AT: At the ACAMS NYC Forum in September you identified seven key risks, could you give a brief summation of your comments?
WF: As background, I was listening to the HSBC hearing from my desk. I had already read the PSI report and as I continued to listen to the hearing I realized this was a game changer. Not only because of the allegations made against HSBC but also because the sub-committee’s allegations relating to the OCC. After listening to the hearing, I went back and read every enforcement action that the government had taken in the AML space since 2001. I also read every Senate PSI report relating to money laundering. When you do that, it is pretty amazing how consistent the government has been on the risks that they really care about. I think you can boil this down to seven key buckets of risk. It is our view that — assuming you have a sound fundamental program — if you can build a strong control environment around these key buckets of risk, you have done much to protect your firm from significant adverse action.
The seven key buckets of risk we have identified are:
- Correspondent Banking — and all attendant products and services, e.g., pouch activities; dollar drafts; wire payments; remote deposit capture, etc.
- Cash/Currency — particularly handling of bulk cash, e.g., wholesale banknotes; cash vault services; incoming “bulk” cash into banking centers, etc.
- Private Banking — particularly private banking with non-transparent entities and vehicles, e.g., PICs; PHCs; Bearer Share Entities; Trusts, etc.

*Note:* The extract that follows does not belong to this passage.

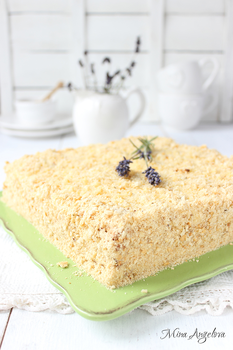 Готовата торта се оставя да се охлади и се прибира в хладилник за няколко часа. След това се обръща в широка чиния или друг плосък съд. |

- Embassy (Foreign Mission) Banking/Mission Personnel/Senior Political Figures or PEPs — Providing banking services to embassies or foreign missions and the diplomats who work in the missions — or to senior political figures that could be moving proceeds of corruption.
- Non-Bank Financial Institutions — Providing services for MSBs, Third Party Payment Processors; CheckCashers, etc.

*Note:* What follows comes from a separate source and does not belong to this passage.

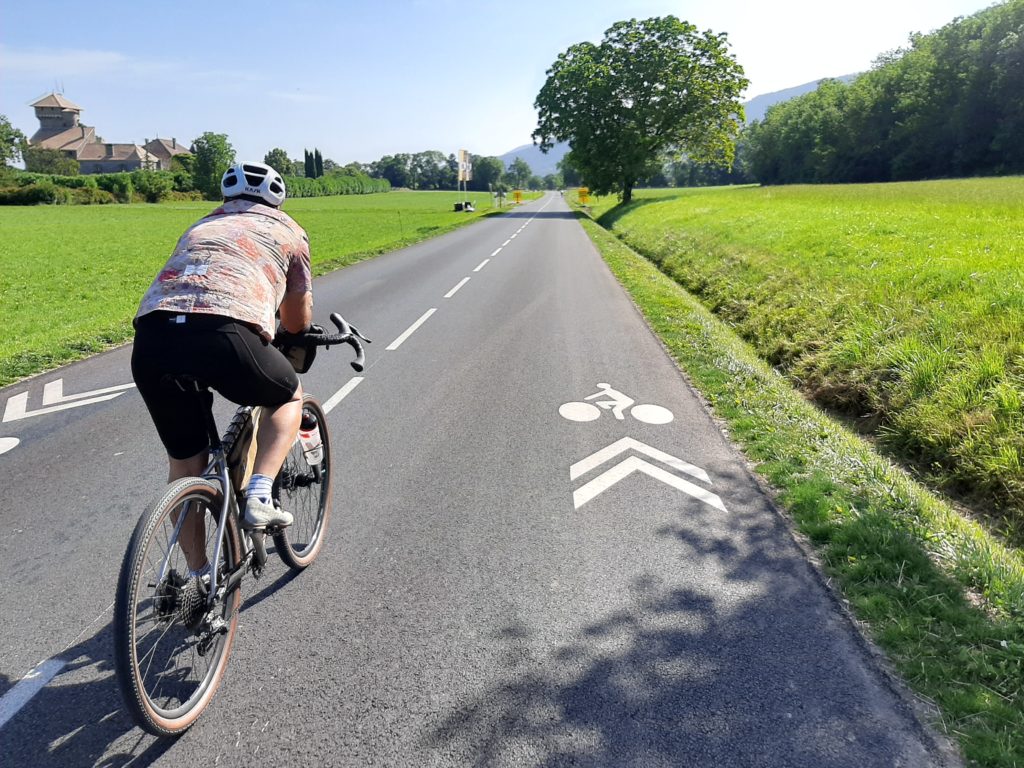 Le départ se fait depuis la gare de Chêne-Bourg, aux portes de Genève, et l’itinéraire suit une première section connue jusqu’au lac de Machilly. Par la suite, il continue en direction de Bons-en-Chablais et accompagne sur 5km la voie ferrée sur des routes de gravier.

- Non-Transparent Entities — Providing banking services to non-transparent legal entities, e.g., LLCs.
- Economic Sanctions/Stripping — Stripping information from payment messages or transactions to avoid economic sanctions filters.
We are conducting enterprise-wide risk assessments of these key risk areas — with a deep assessment of internal controls decked against those risks and will report them out to the business this month. We will then work together with the business lines to ensure that we have strong controls decked against these risks. We have already met with senior management and told them about the environment and what to expect. That is really a key first step. You also need to meet with the regulators and apprise them of your plans — whatever you decide to do. My advice is to be proactive. Engage the heightened environment with appropriate action — do not sit back and let the environment engage you.

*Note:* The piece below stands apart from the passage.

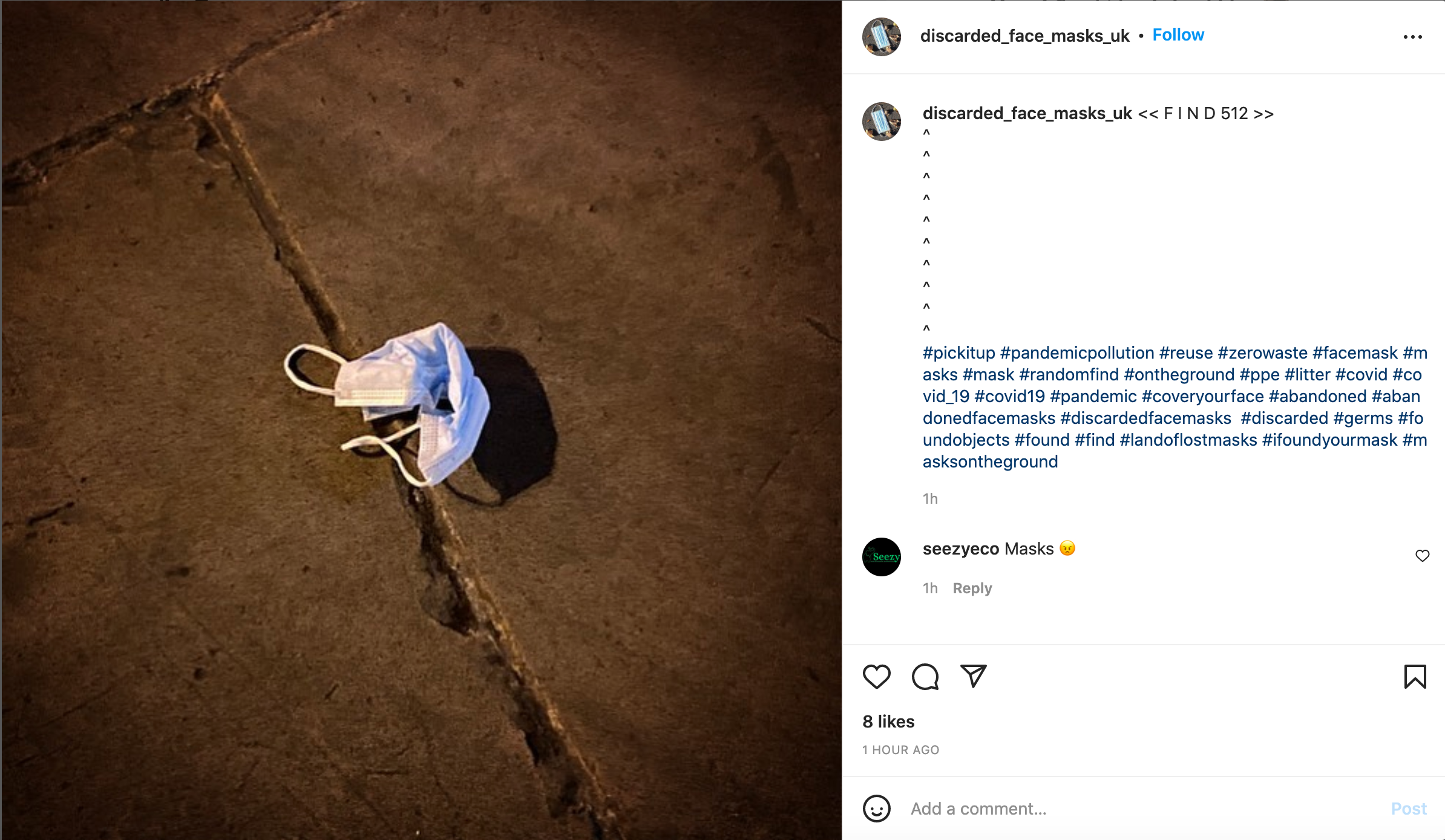 This is an Instagram post by discarded_face_masks_uk. This is an account that shows people that have left their face masks on the ground, thus making it worse for the environment. Hashtags like #coveryourface do imply that they still want you to wear a mask, but are against people accidentally leaving them on the ground. This helps speak of a larger issue where with mask mandates in places in some areas, it leaves more opportunity for people to litter with their face masks, as people will take them off at times when doing certain tasks or if they think they don't need one in some specific area.

This is what we are doing to respond to the environment. I am not saying this is what others should do; but, what AML professionals need to recognize is that the AML environment has changed significantly and you have to decide for your firm what that means and design the right response. Again, I would go out and meet the challenge proactively. Do not wait for the challenge to come to you. This is what we are trying to do at Bank of America.
AT: In your opinion, what are the biggest challenges facing financial crimes prevention professionals in 2013?
WF: As AML professionals, I think we are in a place where we will now have to prove everything. In today’s environment, we’re all from Missouri . . . the key phrase we will hear will be “SHOW ME.”